= Beginning of Section =

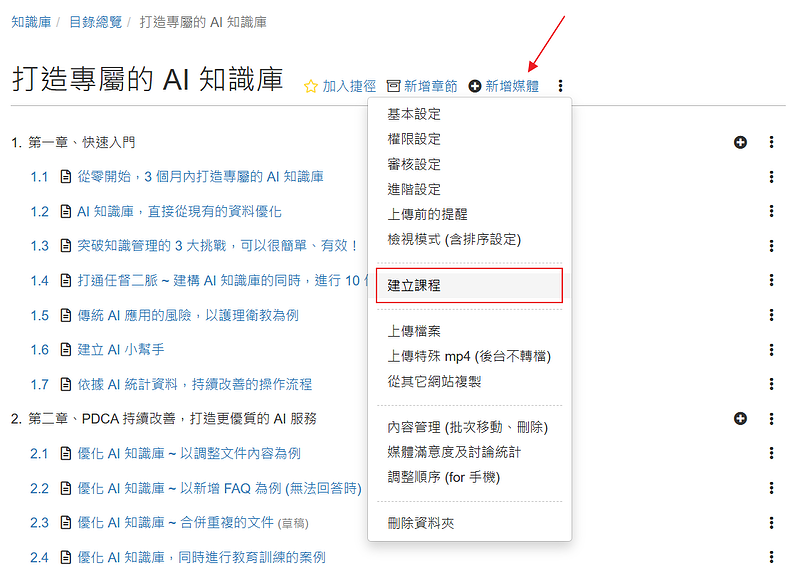 案例寫好之後,就可以透過工具「建立課程」,透過課程中的測驗,進行 10 倍速的經驗傳承。
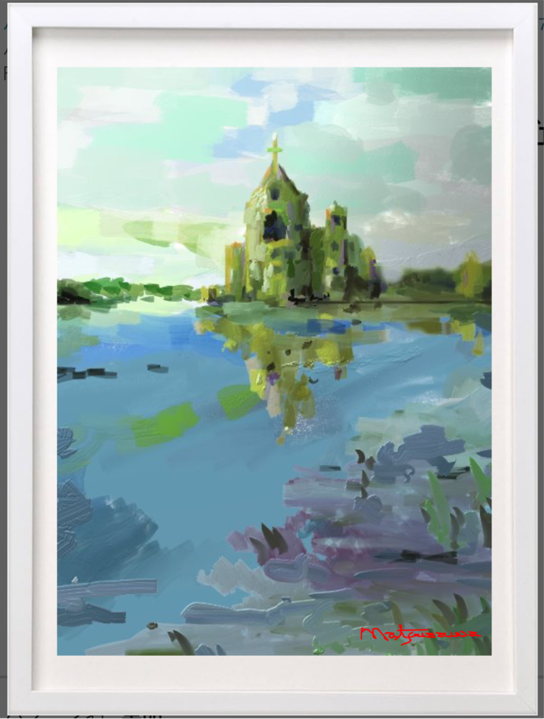 汽水域で湖畔の浅瀬で藻草が生えている様子を描きたかった。アクセントとして向こうに森があり、人が集う古い教会を置き、建物の描写を練習。
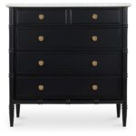 Inspired by the everyday grace of Provence style, the Eleanor 5-drawer chest showcases a classically graceful profile with distinctive turned details. Crafted from Mango wood, this piece is crowned with an expressive marble top and finished with solid antique finished brass finish handles, adding a touch of timeless sophistication and natural beauty.

= End of Section =

Required action: From the line containing "汽水域で湖畔の浅瀬で藻草が生" down to the end of the listing above, every line is to be returned exactly, though the pictures are not.

Answer space:
 汽水域で湖畔の浅瀬で藻草が生えている様子を描きたかった。アクセントとして向こうに森があり、人が集う古い教会を置き、建物の描写を練習。
 Inspired by the everyday grace of Provence style, the Eleanor 5-drawer chest showcases a classically graceful profile with distinctive turned details. Crafted from Mango wood, this piece is crowned with an expressive marble top and finished with solid antique finished brass finish handles, adding a touch of timeless sophistication and natural beauty.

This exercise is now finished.